Sosyal anksiyete bozukluğu ve sosyal fobi genellikle eş anlamlı olarak kullanılmaktadır. Kaygı bozuklukları arasında yer alan sosyal fobi, 1994 yılında yayımlanan DSM-IV ile “sosyal anksiyete bozukluğu” adını almıştır.
Sosyal fobi, belirli toplumsal durumlarda küçük düşme korkusunun neden olduğu, psikolojik, bedensel ve davranışsal belirtilerin eşlik ettiği, işlevsellikte önemli kayıplara neden olan bir anksiyete bozukluğudur.
Sosyal fobi ne sıklıkta görülür?
Sosyal fobi en sık rastlanan anksiyete (kaygı) bozukluğudur. Yaşam boyu yaygınlığı genel olarak %3-13 arasındadır. Türkiye’de yaygınlığı %1,8 olarak bildirilmiştir. Diğer psikiyatrik bozukluklarla belirtilerin sıklıkla üst üste binmesi ve kesin sınırları olmayan tanı ölçütleri nedeniyle sıklık oranları değişkenlik göstermektedir.
Sosyal fobi genellikle onlu yaşlarda başlar. Ortalama başlangıç yaşı 5-20 yaş arasındadır. İleri yaşta görülmesi nadirdir. Yaygın alt tipinde başlangıç yaşı daha erkenken, sınırlı tipte daha geçtir.
Sosyal fobi belirtileri ve Alt Tipleri nelerdir?
Toplumların tutumlarına ve değer yargılarına göre sosyal fobinin klinik görünümü ve işlevsellikte bozulma değişkenlik gösterebilir. Sosyal fobik kişilerin anksiyetesi sosyal ortamlarda; yemek yemek, konuşmak, başkalarının önünde yazı yazmak, partilere katılmak, biriyle tanışmak gibi durumlarda artmaktadır. Korkulan bu ortamların sayısı ve tipi, sosyal fobinin alt gruplara sınıflandırılmasına yol açmıştır. Yaygın olan tipinde bütün sosyal ortamlarda fobik belirtiler ortaya çıkmaktadır ve %50- 80 oranında görülmektedir. Bu tipte ailesel özellikler, yeti kaybı, direnç ve birlikteliğinde diğer psikiyatrik rahatsızlıkların oranı daha fazladır. Sınırlı tipinde ise anksiyeteye neden olan tek bir durum vardır. Dolayısıyla işlevsellik kaybı da daha azdır.
Sosyal fobik kişiler genellikle eleştirilmeye, olumsuz değerlendirmeye ya da reddedilmeye karşı aşırı duyarlıdırlar. Kendilerini savunmada güçlük çekerler ve kendilerine güven duyguları azalmıştır.
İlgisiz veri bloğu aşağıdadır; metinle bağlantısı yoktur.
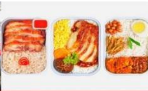
บริการอาหารร้อน ทั้งขาไป-ขากลับ
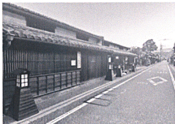
写真2 城東街並み保存地区

津山城は「日本100名城」「日本さくら名所100選」にも選ばれている津山市のシンボルです。城跡は鶴山公園（津山市山下135）として整備されており、春には約1000本の桜が咲き誇り（写真1）、秋には紅葉のライトアップも行われ、多くの観光客が訪れる観光名所です。また近隣には、湯郷温泉や奥津温泉、蒜山高原などの観光スポットもあります。
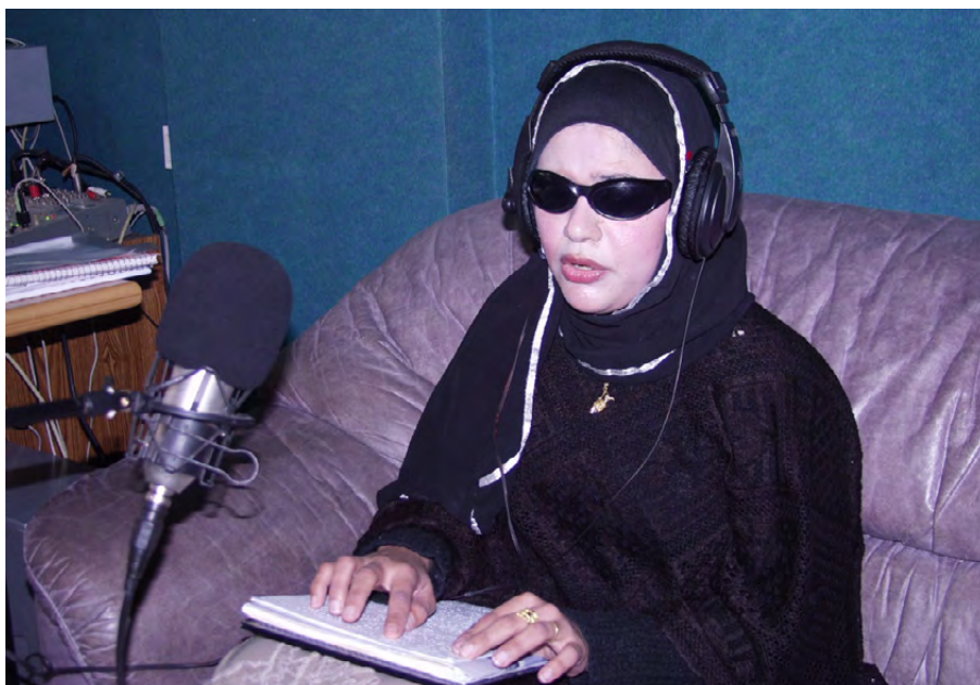
Радиожурналистка в Газе читает свой сценарий шрифтом Брайля.

Гендерная идентичность: Относится к врожденному самовосприятию и идентификации

Başkalarının onları nasıl değerlendirdiklerinin farkında olmayıp gerçekte kendilerini olumsuz değerlendirmektedirler. Rahatsızlığın şiddeti ne kadar fazlaysa başka insanlar için sıradan durumlar rahatsızlık kaynağı olur. Dikkatleri kendilerine yönelmiştir; diğer insanların kendileriyle ilgili ne düşündüğü ile fazla uğraşırlar. Korkulan ortamlarda yüzde kızarma, ellerde titreme, ağız kuruluğu, çarpıntı, kaslarda gerginlik, terleme, bulantı gibi belirtiler ortaya çıkar. Oluşan anksiyete kişinin performansını, toplumsal ve mesleki işlevselliğini bozmaktadır.
Sosyal Fobinin Nedenleri nelerdir?
Çocukluk çağında yakın ilişkinin eksikliği, ana babada psikiyatrik hastalık öyküsü bulunması, ihmal, istismar gibi faktörlerin sosyal fobi gelişiminde etkili olduğı düşünülmektedir.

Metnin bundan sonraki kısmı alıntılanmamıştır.